Router# show running-config
interface tunnel 0
tunnel mode ipsec ipv4
tunnel protection ipsec profile PROF1

Note: IPsec VPN is not configured by default.

If a device that is running Cisco IOS XE Software is configured to support OSPFv3 Authentication Support with IPsec, the running configuration contains one of the following:

  • ipv6 ospf encryption
  • ipv6 ospf authentication
  • ospfv3 authentication ipsec
  • ospfv3 encryption ipsec
  • area <area-id> authentication ipsec
  • area <area-id> encryption ipsec
  • area <area-id> virtual-link <router-id> authentication ipsec spi
  • area <area-id> virtual-link <router-id> encryption ipsec spi

The following example shows a device configured for OSPFv3 Authentication Support with IPsec:

Router# show running-config
interface GigabitEthernet0/1
ospfv3 authentication ipsec spi 256 md5 01020304050607080910010203040506 

Determining the Cisco IOS XE Software Release

To determine which Cisco IOS XE Software release is running on a device, administrators can log in to the device, use the show version command in the CLI, and then refer to the system banner that appears.
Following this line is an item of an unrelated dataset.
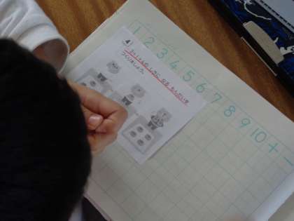 「足す」という概念を,1年生の言葉でどう表すか。がんばれ!
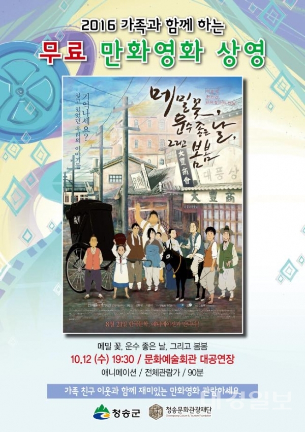 이번 10월 12일(수)에 상영 하는‘메밀꽃, 운수 좋은 날, 그리고 봄봄’은 한국을 대표하는 현대문학인 김유정의 <봄봄>, 이효석의 <메밀 꽃 필 무렵>, 현진건의 <운수 좋은 날>을 묶어 그린 작품으로, 20대의 사랑, 40대의 슬픔, 60대의 아련한 추억을 담아 남녀노소 모두가 즐길 수 있는 작품이다.

If the device is running Cisco IOS XE Software, the system banner displays Cisco IOS Software, Cisco IOS XE Software, or similar text.
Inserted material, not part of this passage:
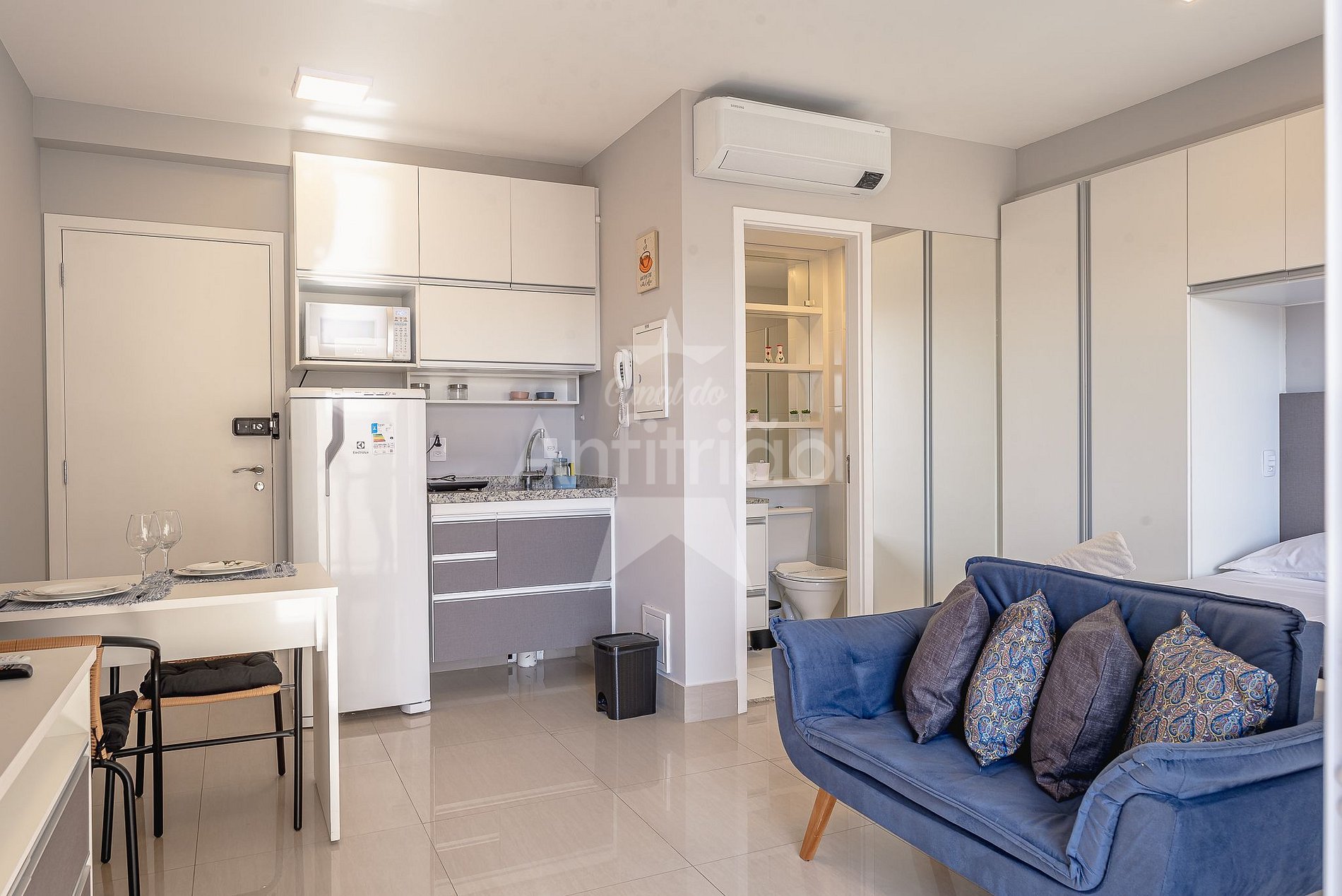 Studio bonitinho com garagem e ar condicionado

The following example shows the output of the command for a device that is running Cisco IOS XE Software Release 16.2.1 and has an installed image name of CAT3K_CAA-UNIVERSALK9-M:

ios-xe-device# show version

Cisco IOS Software, Catalyst L3 Switch Software (CAT3K_CAA-UNIVERSALK9-M), Version Denali 16.2.1, RELEASE SOFTWARE (fc1)
Technical Support: http://www.cisco.com/techsupport
Copyright (c) 1986-2016 by Cisco Systems, Inc.
Compiled Sun 27-Mar-16 21:47 by mcpre
.
.
.

For information about the naming and numbering conventions for Cisco IOS XE Software releases, see the Cisco IOS and NX-OS Software Reference Guide.

Cisco ASA Software and Cisco ASA 5500-X Series with Firepower Threat Defense Software

This vulnerability affects Cisco ASA Software or Cisco FTD Software running on the following products. No other models are affected.

Cisco ASA 5500-X Series Adaptive Security Appliances:

  • ASA 5506-X Series
  • ASA 5508-X Series
  • ASA 5516-X Series

Refer to the Fixed Software section of this security advisory for more information about affected releases.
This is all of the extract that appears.